Problem description -> Below is a listing with pictures in it. Copy it exactly without them.

Data segment ->
:::
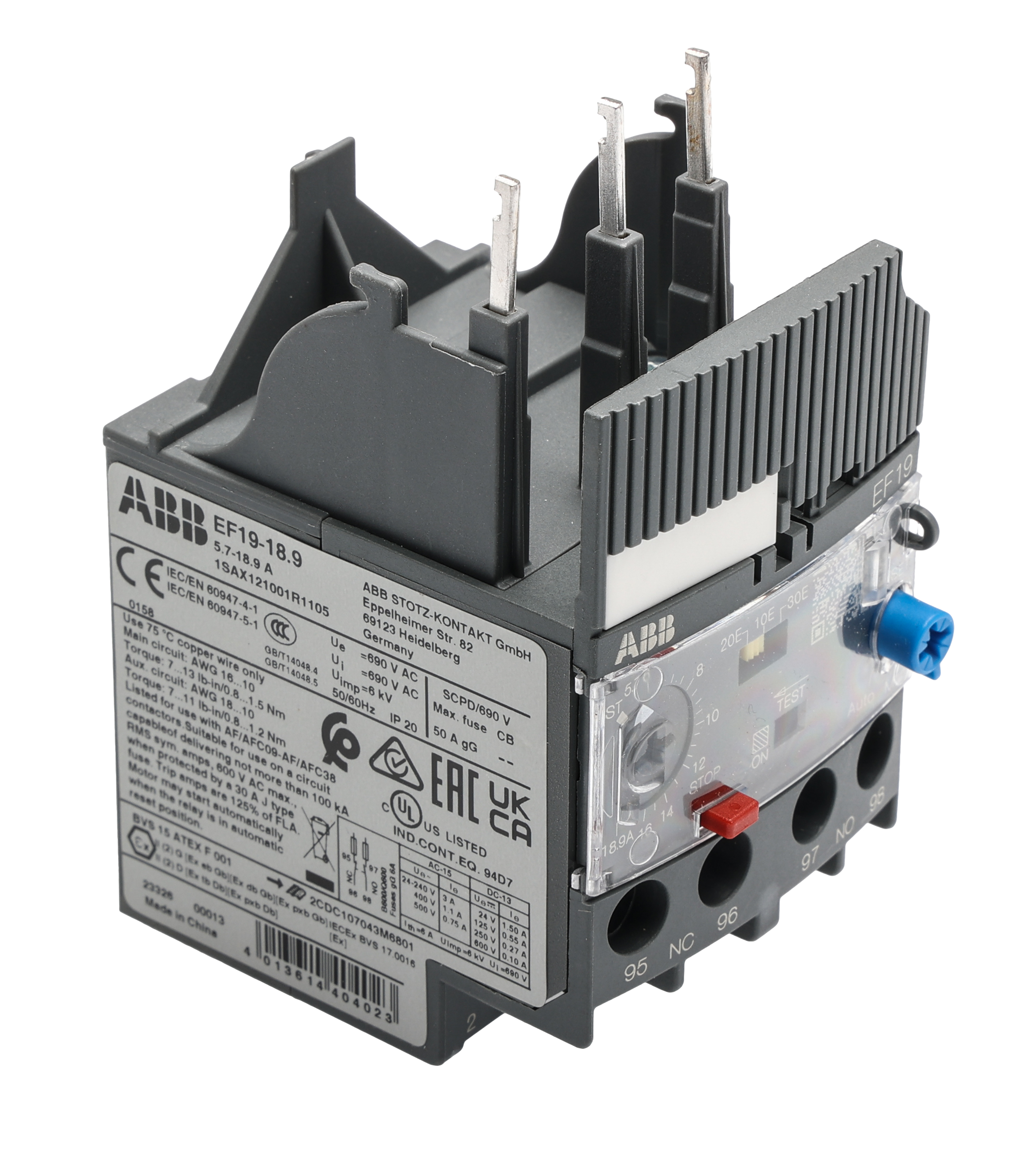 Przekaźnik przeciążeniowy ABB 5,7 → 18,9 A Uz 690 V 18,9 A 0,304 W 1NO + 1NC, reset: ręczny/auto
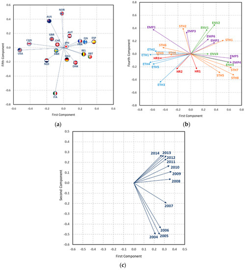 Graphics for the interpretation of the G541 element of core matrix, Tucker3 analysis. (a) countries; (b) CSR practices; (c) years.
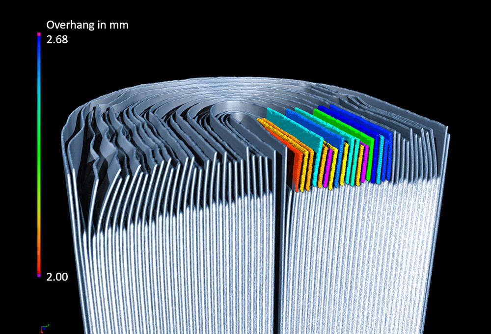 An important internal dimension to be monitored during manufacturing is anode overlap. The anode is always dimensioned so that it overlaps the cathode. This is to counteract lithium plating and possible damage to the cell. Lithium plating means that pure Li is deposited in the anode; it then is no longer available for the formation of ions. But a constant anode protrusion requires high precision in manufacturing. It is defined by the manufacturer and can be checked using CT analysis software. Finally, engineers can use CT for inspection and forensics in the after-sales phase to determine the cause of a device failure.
:::
Answer box ->
 Przekaźnik przeciążeniowy ABB 5,7 → 18,9 A Uz 690 V 18,9 A 0,304 W 1NO + 1NC, reset: ręczny/auto
 Graphics for the interpretation of the G541 element of core matrix, Tucker3 analysis. (a) countries; (b) CSR practices; (c) years.
 An important internal dimension to be monitored during manufacturing is anode overlap. The anode is always dimensioned so that it overlaps the cathode. This is to counteract lithium plating and possible damage to the cell. Lithium plating means that pure Li is deposited in the anode; it then is no longer available for the formation of ions. But a constant anode protrusion requires high precision in manufacturing. It is defined by the manufacturer and can be checked using CT analysis software. Finally, engineers can use CT for inspection and forensics in the after-sales phase to determine the cause of a device failure.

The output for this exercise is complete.